The novel contribution is a transfer learning model adapted for Alzheimer's diagnosis in African populations using local MRI data.

## Key findings

- The model achieved 97.32% accuracy and 0.9916 AUC in classifying Alzheimer's cases.
- It outperformed previous studies with high sensitivity (98.37%) and specificity (96.04%).
- The approach demonstrates effective population-specific adaptation using transfer learning.

## Abstract

The application of deep learning in Alzheimer's disease (AD) diagnosis has shown promise, but most studies focus on Western populations, potentially limiting their applicability in African contexts. There is a critical need for validated diagnostic tools that account for population‐specific characteristics in neuroimaging analysis.

We developed a transfer learning‐enhanced DenseNet121 architecture for AD classification. The model was initially pre‐trained on the OASIS dataset to learn general AD‐related features, followed by fine‐tuning on a local dataset from the University College Hospital (UCH), Ibadan, Nigeria. The local dataset comprised 140 subjects (63 dementia, 77 non‐dementia cases). Advanced preprocessing techniques, including skull‐stripping, spatial normalization, and grey matter segmentation, were applied to optimize image quality and feature extraction.

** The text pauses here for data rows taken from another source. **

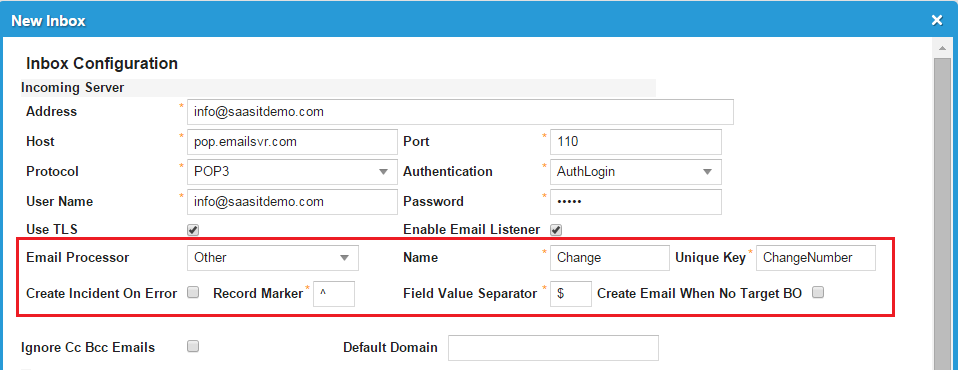 This feature allows you to configure the Neurons for ITSM email service to handle any generic business object except for service requests. You create an inbox for each business object type. So for example, all emails that are to create a task go to the task inbox, all emails that are to create a change go to the change inbox, etc.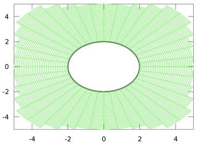 El primer paso a realizar es un mallado que represente los puntos interiores de la región ocupada por un fluido. Dicho fluido sera el exterior del círculo unidad (obstáculo). Mallamos un anillo de radio 2 a 6 centrado en el origen. Quedará patente que el fluido ocupa el exterior de un círculo dibujando los ejes en el intervalo [-5,5] x [-5x5]. El siguiente comando de Matlab muestra el mallado generado: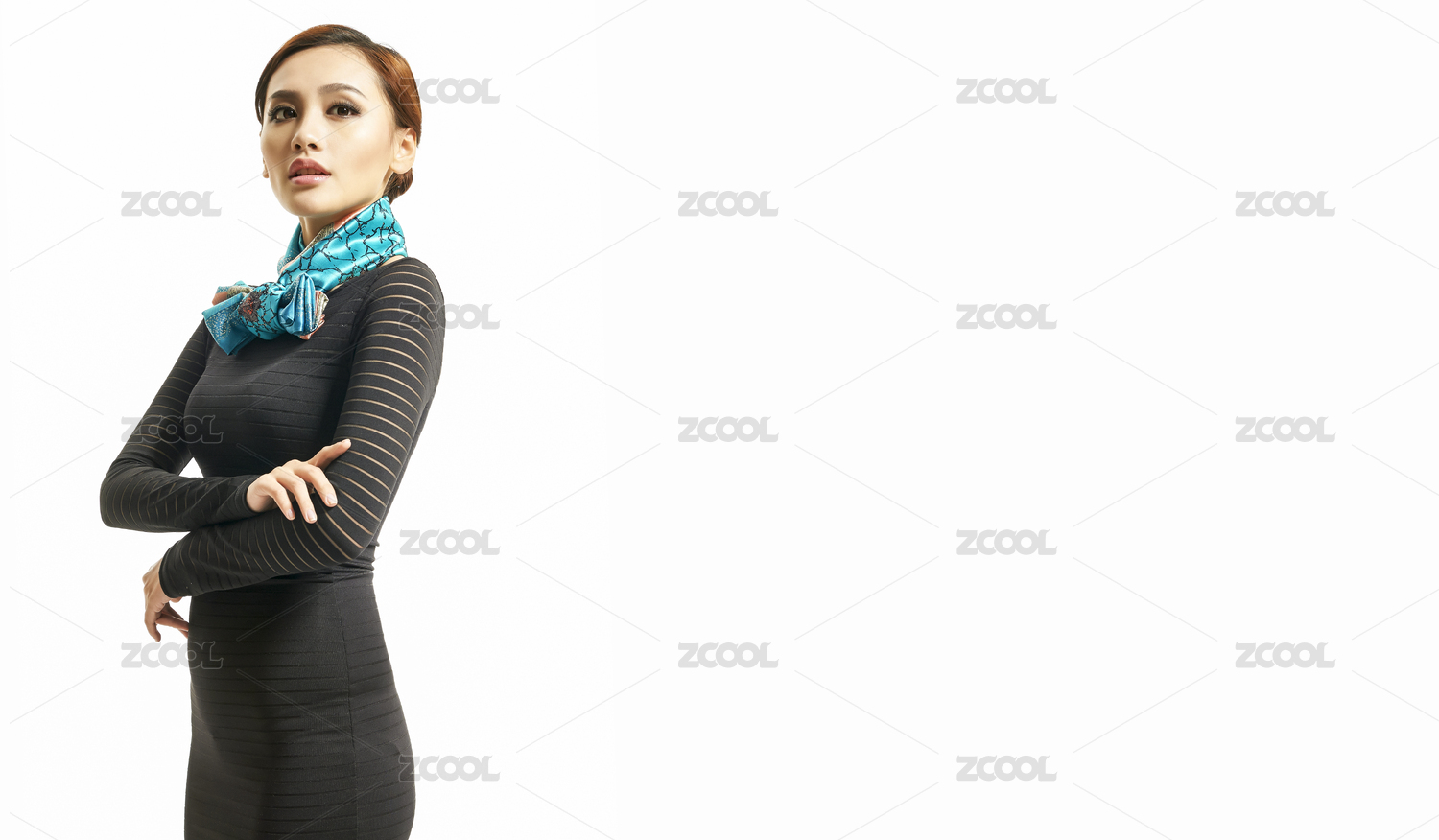 美丽的亚洲空姐穿着黑色紧身服装在白色背景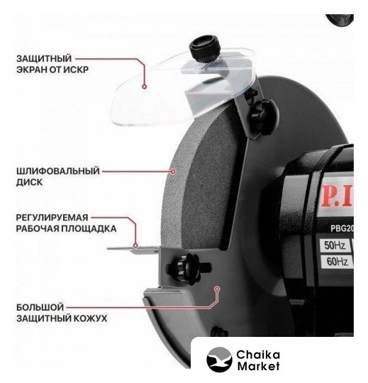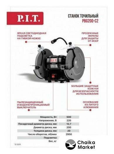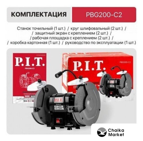 | Комплект поставки | - Станок точильный, - круг шлифовальный (2 шт), - защитный экран с креплением (2 шт),- рабочая площадка с креплением (2 шт), - коробка, - инструкция по эксплуатации. |

Our model achieved exceptional performance metrics with an accuracy of 97.32% and an AUC score of 0.9916. The sensitivity and specificity were 98.37% and 96.04% respectively, with a precision of 96.80% and an F1 score of 97.58%. This performance significantly surpasses previous studies and demonstrates the effectiveness of our transfer learning approach in capturing population‐specific characteristics while maintaining high diagnostic accuracy.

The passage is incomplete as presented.